Умберто, однако, истолковал его жест по-своему.
– Глупо, да? – чуть невнятно проговорил он без тени прежней ярости, чуть заискивающе. – Ну, она ведь понравилась капитану. И он ей тоже…
– Очень глупо, – подтвердил пересмешник. – Ты сам все знаешь лучше меня. И завтра будешь жалеть об этом разговоре.
– Ой, да что тут жалеть! – Парень так рьяно махнул рукой, что чуть не кувыркнулся через парапет, и Хаген поспешно оттащил его в сторону. – У меня разве что на лбу не написано, что я чувствую… кто в команде достаточно долго, те все понимают без слов… А ты… а она… эх, кракен меня побери! Да я же с первого взгляда пропал… и почему-то вбил себе в башку, что она меня заметила и запомнила… меня, а не его… Это не… неправсвед… несправлед… не-спра-вед-ли-во, вот!
Из обрывков случайно услышанных фраз Хаген уже давно сложил сцену, с которой все началось: Тейравен, портовый кабак, состязание плетельщиков. Да, у помощника капитана действительно талант не только вязать узлы, но и ввязываться в неприятности – и он, похоже, намерен и дальше демонстрировать это свое умение.
– Между ними ничего нет, – произнес пересмешник и запоздало прикусил язык.

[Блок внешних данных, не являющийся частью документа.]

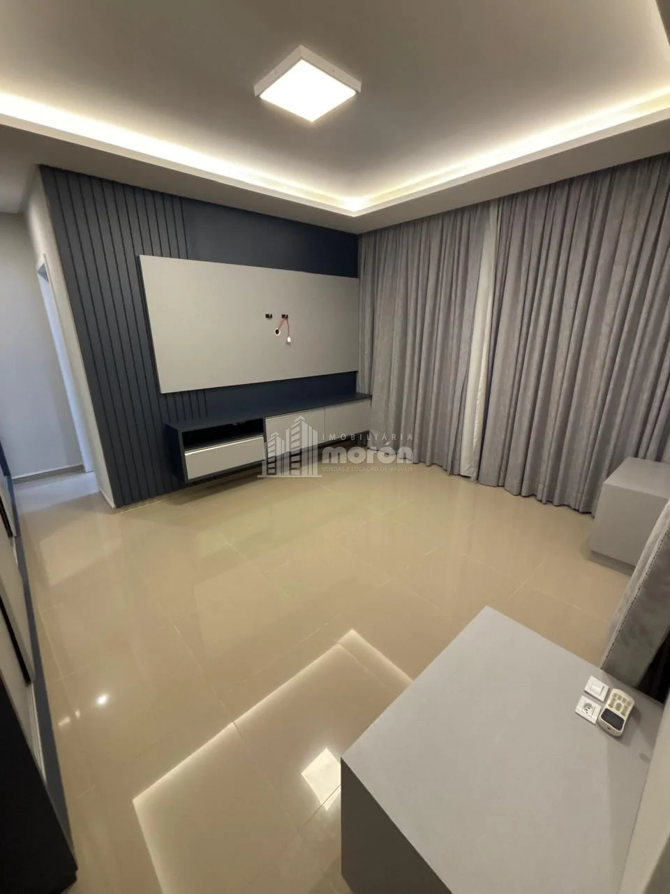 - Sala de estar com painel de TV
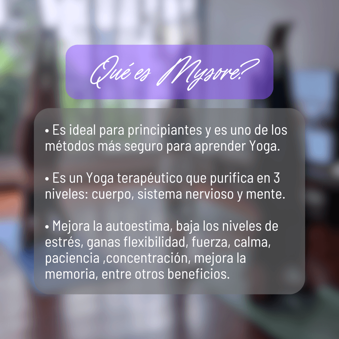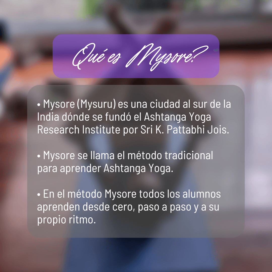 El estilo o método Mysore es una forma tradicional de practicar Ashtanga Yoga, nombrado así por la ciudad de Mysore en India, donde Pattabhi Jois enseñaba. A diferencia de una clase de yoga guiada, en una clase Mysore los estudiantes practican a su propio ritmo, siguiendo la secuencia de posturas que han aprendido, mientras un instructor los guía y ajusta individualmente. Este formato permite una personalización y atención individual que ayuda a los estudiantes a progresar de manera segura y efectiva en su práctica.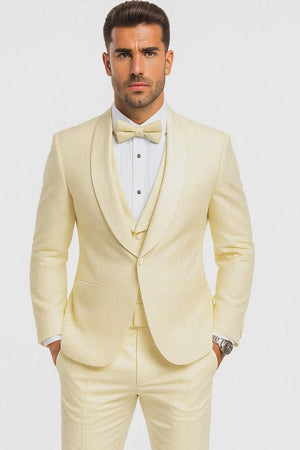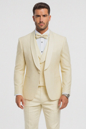 This Ivory Cream Jacquard Tuxedo Suit redefines timeless elegance. It’s a masterfully tailored three-piece suit designed for men who appreciate sophistication, texture, and high-end craftsmanship. The light ivory tone gives it a regal presence, making it ideal for grand celebrations, weddings, and red-carpet events.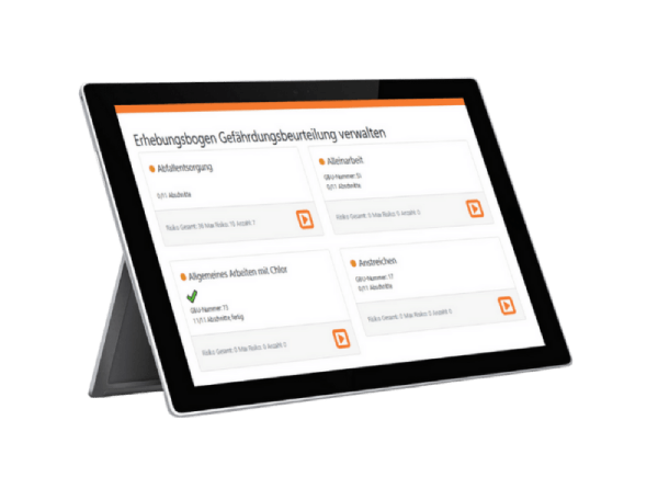- Direkter Start am Arbeitsplatz: Starten Sie die Gefährdungsbeurteilung (GBU) direkt am Arbeitsplatz.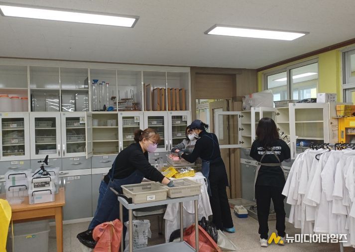 이번 지원은 교원의 업무 부담을 경감하고 과학실 교육환경을 개선하기 위해 추진됐으며, 서산교육지원청 학교지원센터 특별실정리지원단 7명이 참여했다.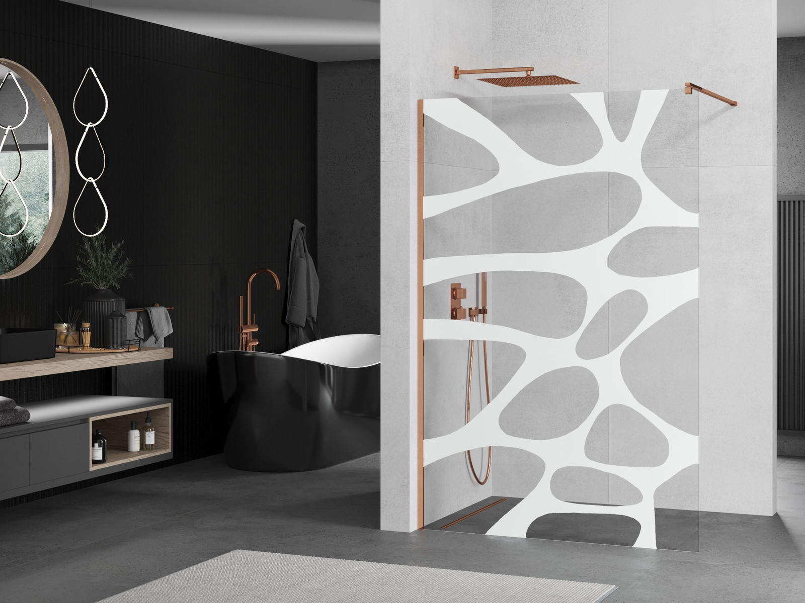 Mexen Kioto sprchová stena Walk-in 130 x 200 cm, biela vlna 8 mm, ružové zlato - 800-130-101-60-97

Не стоило подхватывать нить разговора, ведь он сейчас больше всего на свете хотел избавиться от навязанной фрегатом и капитаном роли няньки при упившемся до танцующих крабов молодом моряке. Тем не менее Хаген точно знал, что сказал правду: на «Невесте ветра» было слишком мало места, чтобы подобный поворот событий остался незамеченным, да к тому же он просто не сомневался в своих словах. Магус ощущал ту же самую необъяснимую уверенность, что позволяла ему определять направление, в котором следовало искать фрегат, в темноте и с закрытыми глазами, да хоть во сне.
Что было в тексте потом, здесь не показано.